Hi! I’ve been trying to read three ordered symbols from an image using fastai, but I can’t figure it out.
The best I’ve managed to do is to create one model for each of the three positions, such that model 1 reads the symbol at position 1, model 2 reads the symbol at position 2 and so on. Then I’ll just run all three and combine the result. This works, but I would like to do it using just one model.
After a lot of searching I’ve stumbled upon one-hot encoding, but I’ve yet to find some examples for fastaiv2. It seems like I can’t use an numpy array or a list(the one-hot encoded label) with eg. ImageDataLoaders.from_name_func as I get the “unhashable type” error.

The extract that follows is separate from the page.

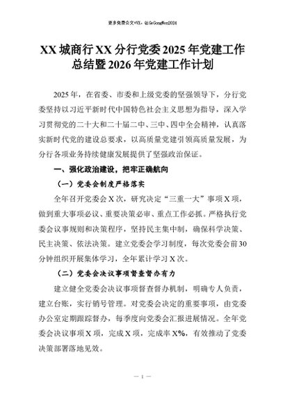 【七哥公文】2025年:XX城商行XX分行党委2025年党建工作总结暨2026年党建工作计划+更多免费公文+VX:QiGeGongWen2024

I’ve learned that the normal multi-label classification uses one-hot encoding, but as some symbols are rare in some positions I sometimes hit the “Labels ‘position1:half-star’ were not included in the training dataset” error. Any way to define what the one-hot encoding should look like, and also make it always use the three most likely signs?
Here are some examples of data using emojis, representing symbols:
The order matters, and there might be duplicates.
Can anyone show me an example or point me in the right direction for how to use one-hot encoded labels? And maybe some pointers on how to calculate the loss?
I would really appreciate if someone could help as I’ve spent quite a few days without getting any closer to a solution.